What the task asks: Working from the entries that follow, transcribe exactly and only the lines from the one with "KK | 30.59 m2 |" through the last, pictures excluded.

Entries provided:
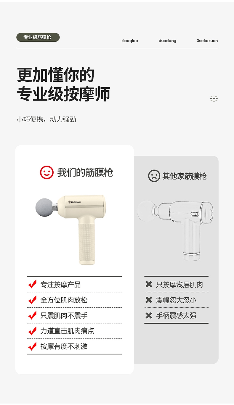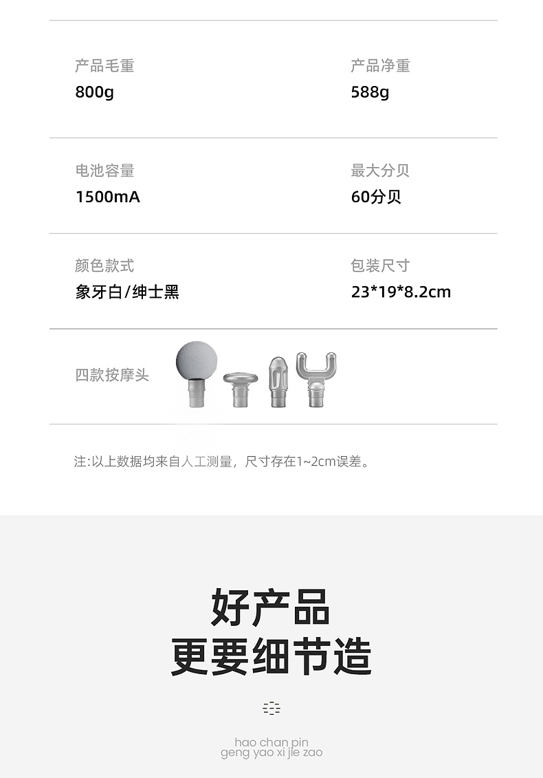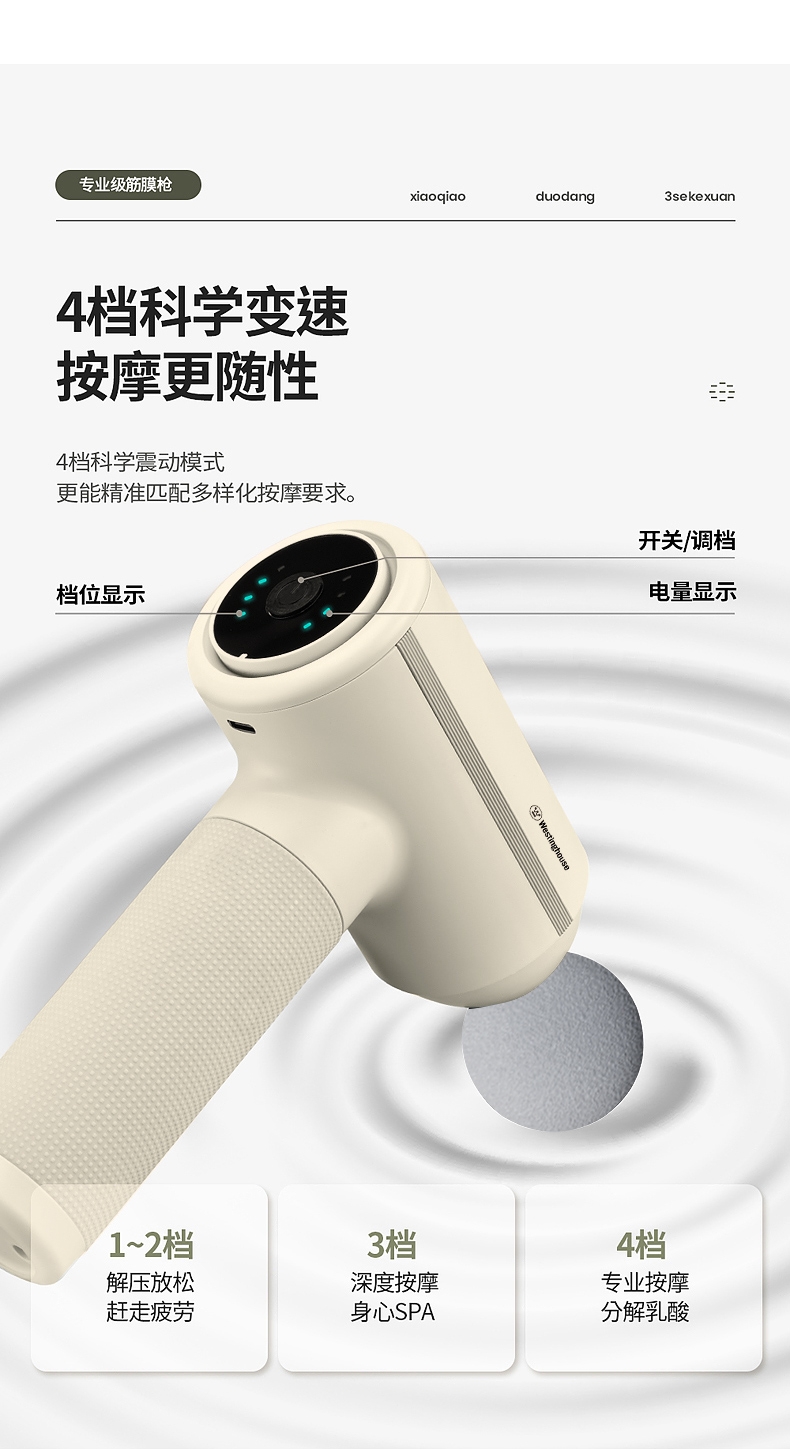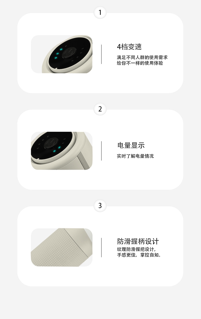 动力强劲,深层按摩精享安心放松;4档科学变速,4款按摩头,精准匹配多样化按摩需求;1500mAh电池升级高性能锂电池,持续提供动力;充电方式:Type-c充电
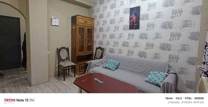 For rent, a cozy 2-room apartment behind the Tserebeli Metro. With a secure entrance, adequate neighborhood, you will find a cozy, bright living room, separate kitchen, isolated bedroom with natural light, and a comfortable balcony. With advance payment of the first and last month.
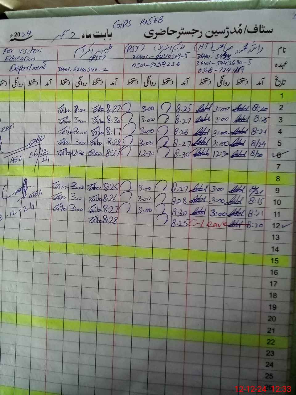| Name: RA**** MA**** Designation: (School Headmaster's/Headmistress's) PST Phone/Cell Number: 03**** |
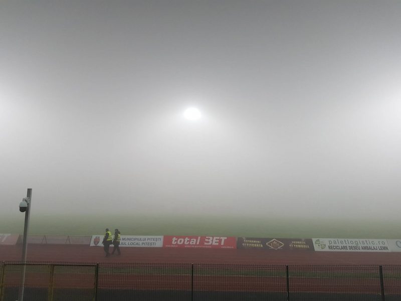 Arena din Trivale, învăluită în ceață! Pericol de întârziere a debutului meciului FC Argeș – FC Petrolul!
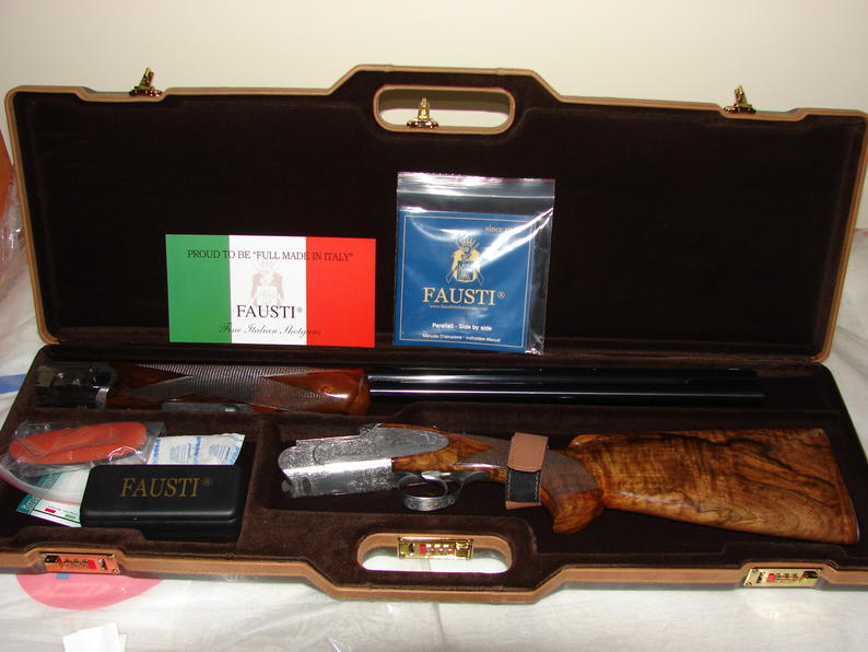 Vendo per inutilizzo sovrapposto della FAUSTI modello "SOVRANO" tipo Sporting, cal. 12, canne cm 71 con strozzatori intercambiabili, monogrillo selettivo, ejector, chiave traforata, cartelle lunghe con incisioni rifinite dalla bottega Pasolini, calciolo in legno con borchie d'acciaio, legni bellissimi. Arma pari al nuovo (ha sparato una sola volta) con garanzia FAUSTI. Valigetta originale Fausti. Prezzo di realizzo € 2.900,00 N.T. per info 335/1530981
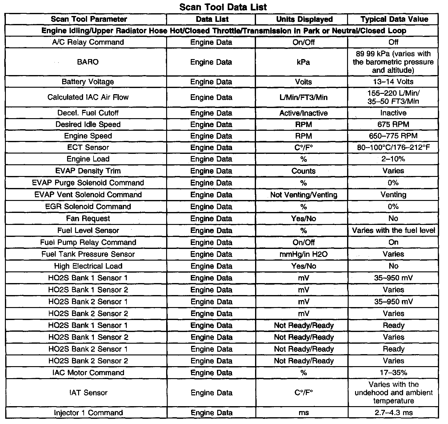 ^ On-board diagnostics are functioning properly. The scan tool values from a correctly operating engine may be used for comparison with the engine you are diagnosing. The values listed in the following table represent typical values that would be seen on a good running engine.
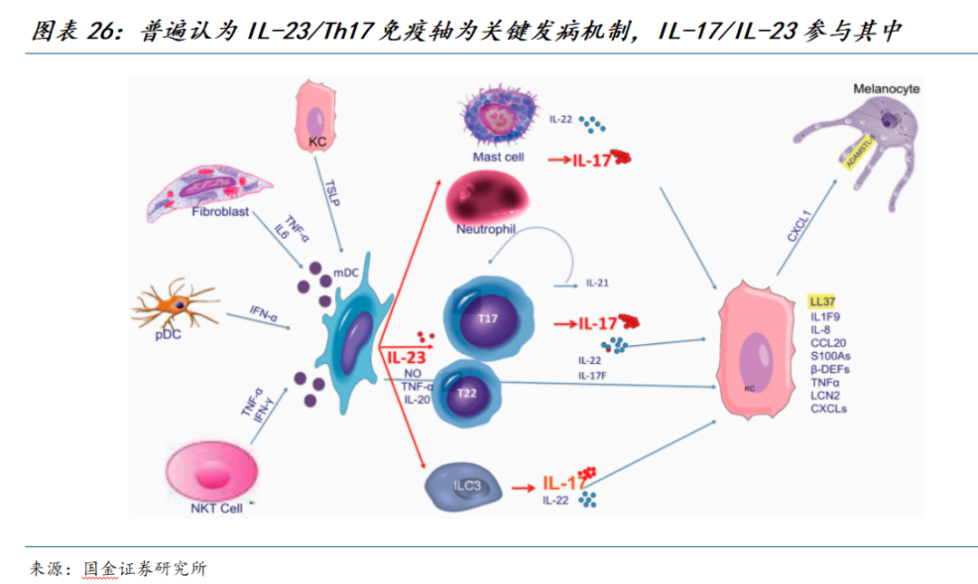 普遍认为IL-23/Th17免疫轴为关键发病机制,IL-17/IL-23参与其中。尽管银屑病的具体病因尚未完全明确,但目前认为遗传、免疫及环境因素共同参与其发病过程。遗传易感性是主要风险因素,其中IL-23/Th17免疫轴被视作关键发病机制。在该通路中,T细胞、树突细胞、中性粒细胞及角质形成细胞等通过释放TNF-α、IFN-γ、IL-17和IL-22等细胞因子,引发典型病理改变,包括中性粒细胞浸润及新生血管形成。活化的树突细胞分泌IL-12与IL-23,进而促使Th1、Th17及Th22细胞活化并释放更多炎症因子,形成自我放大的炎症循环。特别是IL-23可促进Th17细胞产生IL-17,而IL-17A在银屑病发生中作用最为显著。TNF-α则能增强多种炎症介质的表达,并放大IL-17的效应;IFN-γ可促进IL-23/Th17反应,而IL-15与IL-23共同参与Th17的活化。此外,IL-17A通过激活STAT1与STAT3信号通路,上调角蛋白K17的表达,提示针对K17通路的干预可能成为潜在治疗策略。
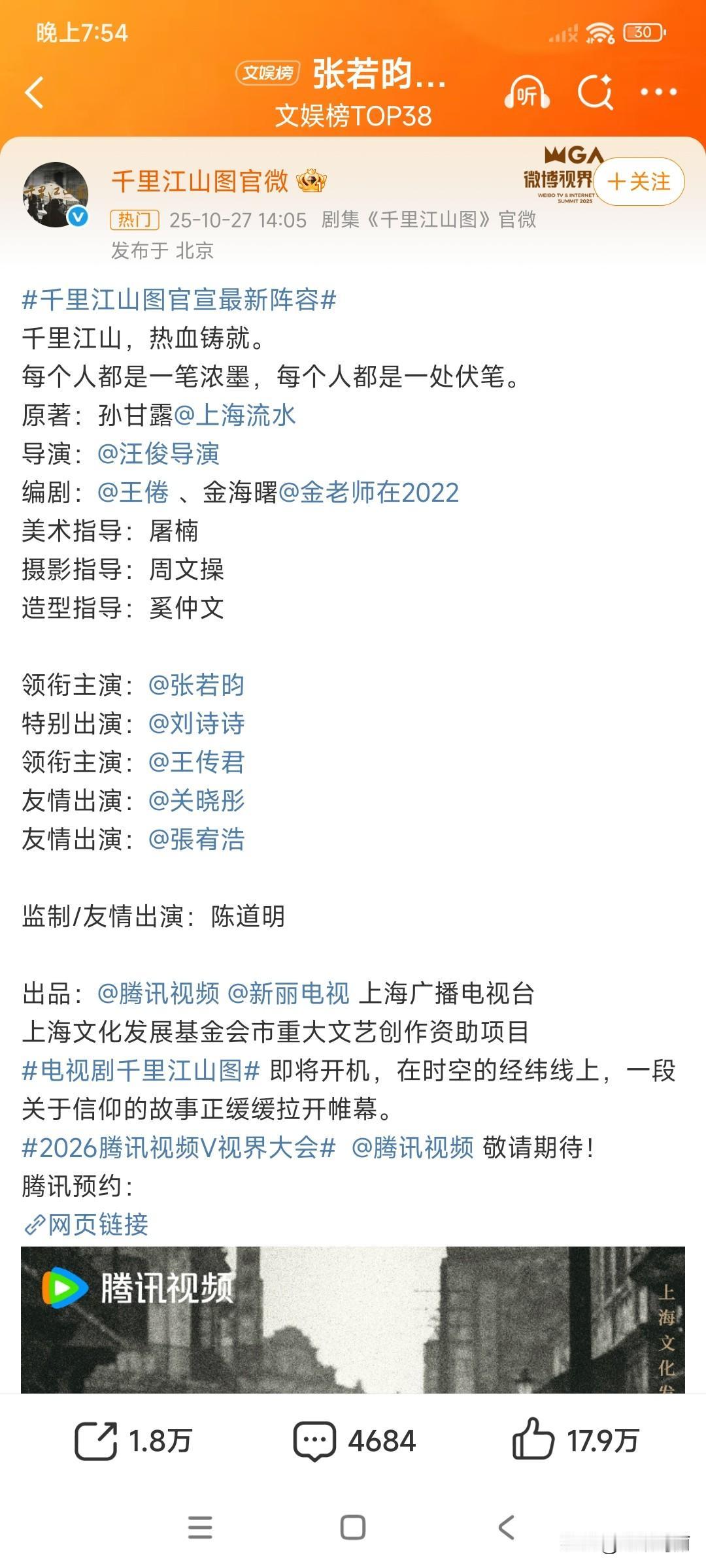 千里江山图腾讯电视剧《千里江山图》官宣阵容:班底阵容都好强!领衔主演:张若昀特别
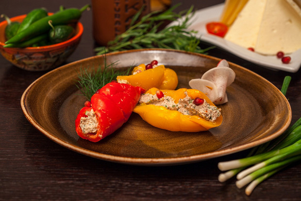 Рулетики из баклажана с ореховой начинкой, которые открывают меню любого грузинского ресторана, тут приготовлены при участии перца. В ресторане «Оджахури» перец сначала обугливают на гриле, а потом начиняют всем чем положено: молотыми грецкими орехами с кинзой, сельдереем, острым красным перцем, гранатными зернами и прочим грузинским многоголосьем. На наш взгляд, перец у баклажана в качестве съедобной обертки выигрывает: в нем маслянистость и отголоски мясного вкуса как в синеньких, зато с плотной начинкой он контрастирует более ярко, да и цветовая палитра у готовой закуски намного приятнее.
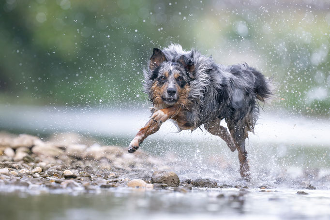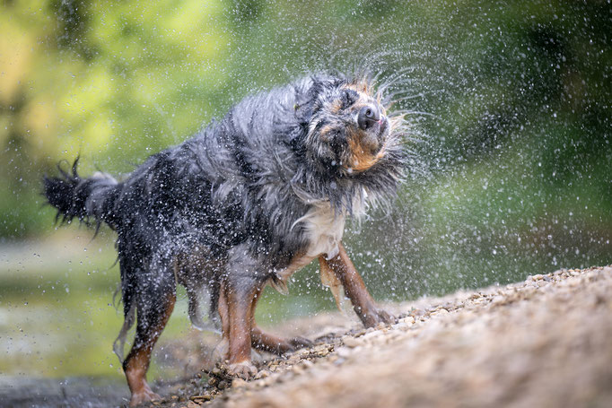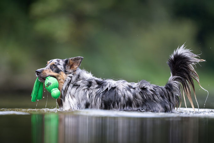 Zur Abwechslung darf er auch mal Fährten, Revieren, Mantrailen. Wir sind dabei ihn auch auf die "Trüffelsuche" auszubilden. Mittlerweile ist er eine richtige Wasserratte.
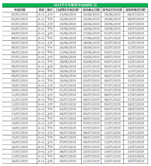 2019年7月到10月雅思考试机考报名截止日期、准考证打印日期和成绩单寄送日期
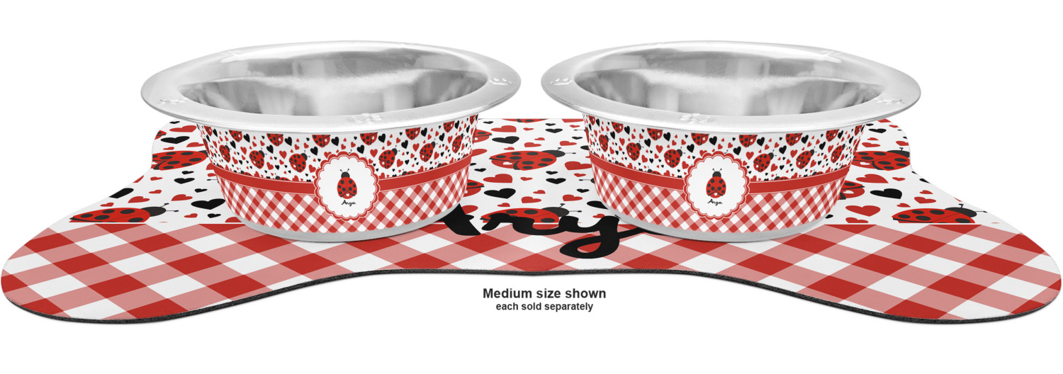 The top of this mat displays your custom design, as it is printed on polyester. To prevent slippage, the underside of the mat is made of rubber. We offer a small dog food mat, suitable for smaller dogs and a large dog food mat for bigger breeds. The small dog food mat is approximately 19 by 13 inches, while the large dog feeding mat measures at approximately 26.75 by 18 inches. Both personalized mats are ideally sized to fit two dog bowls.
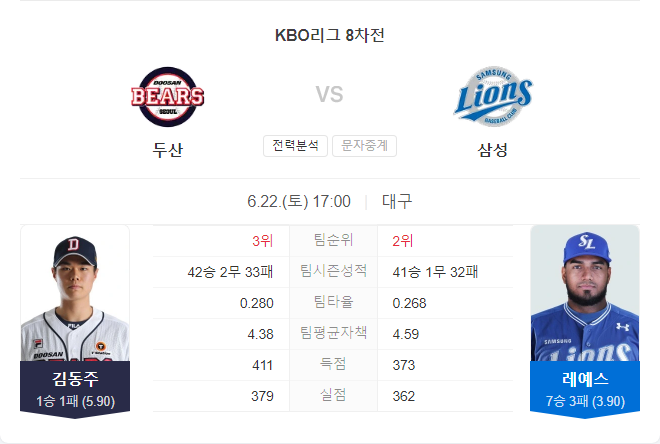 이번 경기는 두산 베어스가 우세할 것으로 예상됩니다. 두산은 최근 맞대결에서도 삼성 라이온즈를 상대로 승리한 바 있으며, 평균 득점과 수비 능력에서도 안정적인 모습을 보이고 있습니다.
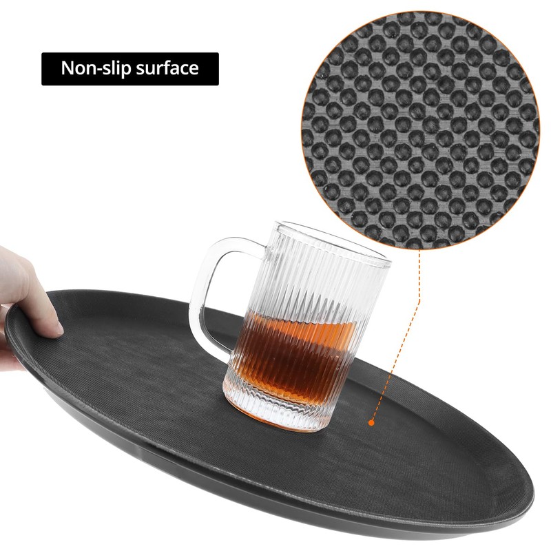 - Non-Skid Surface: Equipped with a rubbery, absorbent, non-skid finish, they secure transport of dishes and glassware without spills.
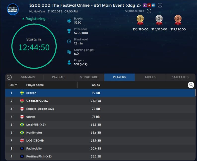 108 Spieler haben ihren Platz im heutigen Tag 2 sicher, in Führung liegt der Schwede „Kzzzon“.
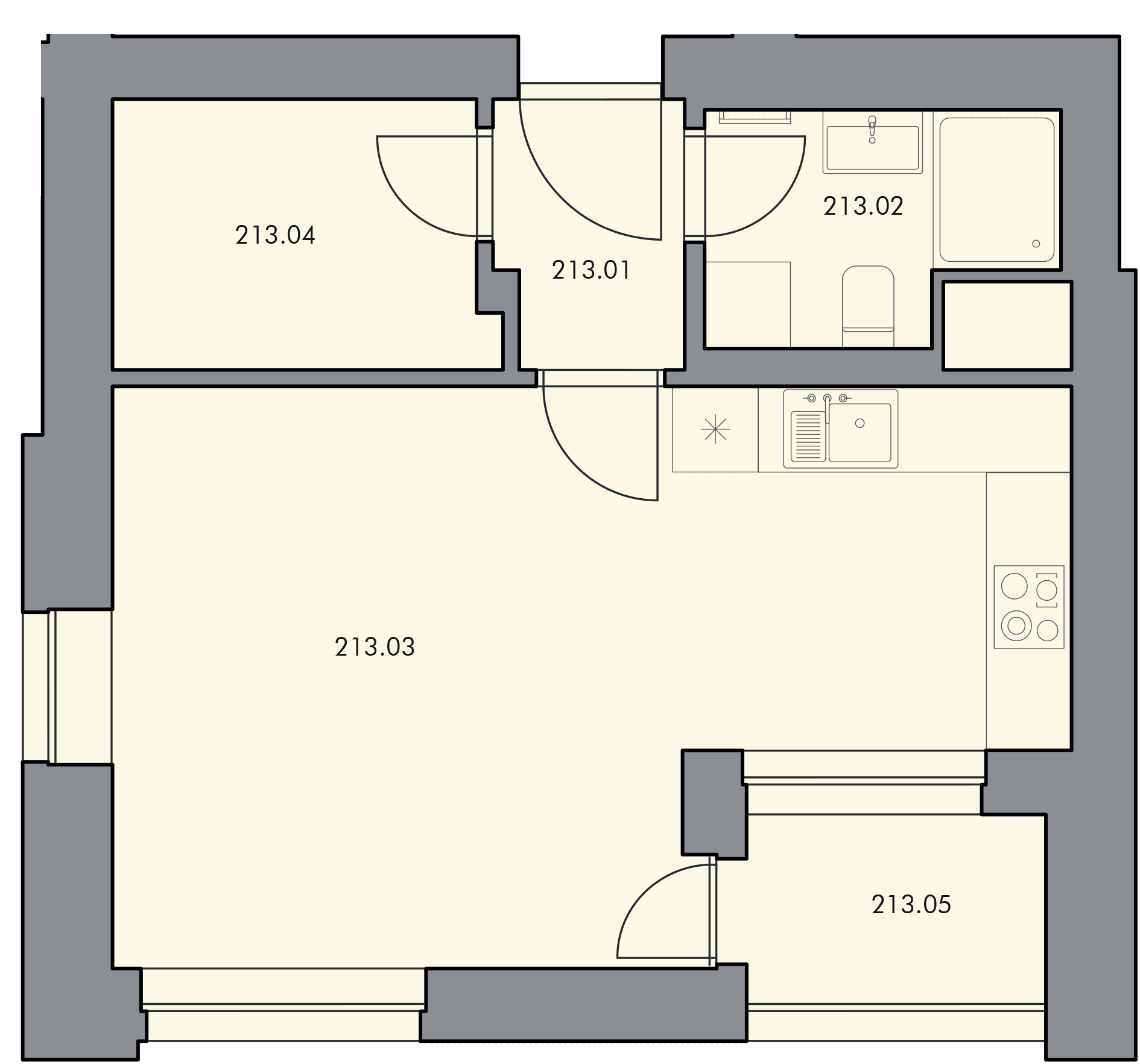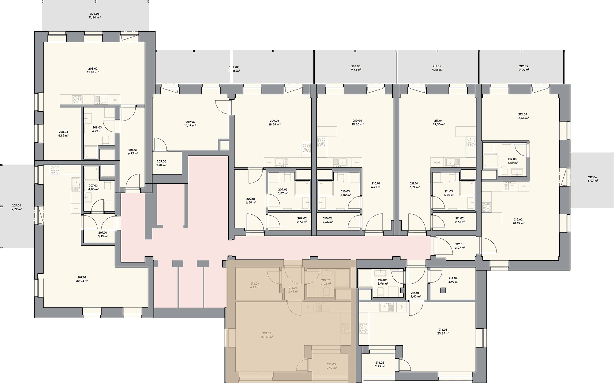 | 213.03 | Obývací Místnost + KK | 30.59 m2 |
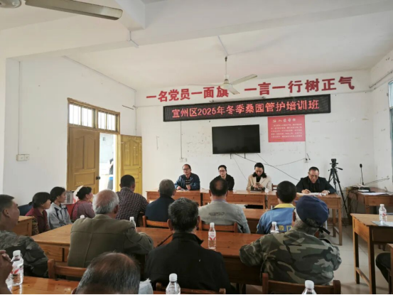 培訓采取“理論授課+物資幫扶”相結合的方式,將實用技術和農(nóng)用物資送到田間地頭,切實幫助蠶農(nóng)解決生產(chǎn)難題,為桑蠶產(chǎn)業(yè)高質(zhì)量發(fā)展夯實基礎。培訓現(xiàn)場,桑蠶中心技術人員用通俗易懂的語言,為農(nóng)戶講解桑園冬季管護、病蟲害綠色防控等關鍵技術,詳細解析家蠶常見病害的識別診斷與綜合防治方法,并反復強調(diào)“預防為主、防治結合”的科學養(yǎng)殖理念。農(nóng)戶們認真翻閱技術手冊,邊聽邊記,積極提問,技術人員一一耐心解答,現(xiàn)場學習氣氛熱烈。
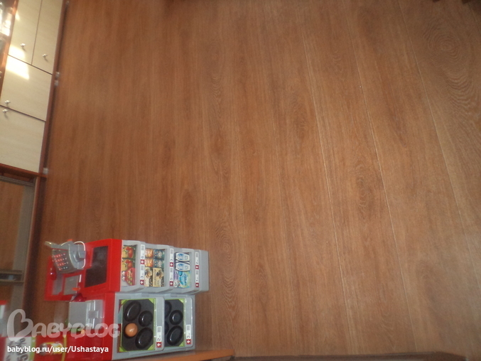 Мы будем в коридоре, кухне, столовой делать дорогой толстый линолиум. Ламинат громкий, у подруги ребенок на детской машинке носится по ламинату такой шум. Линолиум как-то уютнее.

Result:
 | 213.03 | Obývací Místnost + KK | 30.59 m2 |
 培訓采取“理論授課+物資幫扶”相結合的方式,將實用技術和農(nóng)用物資送到田間地頭,切實幫助蠶農(nóng)解決生產(chǎn)難題,為桑蠶產(chǎn)業(yè)高質(zhì)量發(fā)展夯實基礎。培訓現(xiàn)場,桑蠶中心技術人員用通俗易懂的語言,為農(nóng)戶講解桑園冬季管護、病蟲害綠色防控等關鍵技術,詳細解析家蠶常見病害的識別診斷與綜合防治方法,并反復強調(diào)“預防為主、防治結合”的科學養(yǎng)殖理念。農(nóng)戶們認真翻閱技術手冊,邊聽邊記,積極提問,技術人員一一耐心解答,現(xiàn)場學習氣氛熱烈。
 Мы будем в коридоре, кухне, столовой делать дорогой толстый линолиум. Ламинат громкий, у подруги ребенок на детской машинке носится по ламинату такой шум. Линолиум как-то уютнее.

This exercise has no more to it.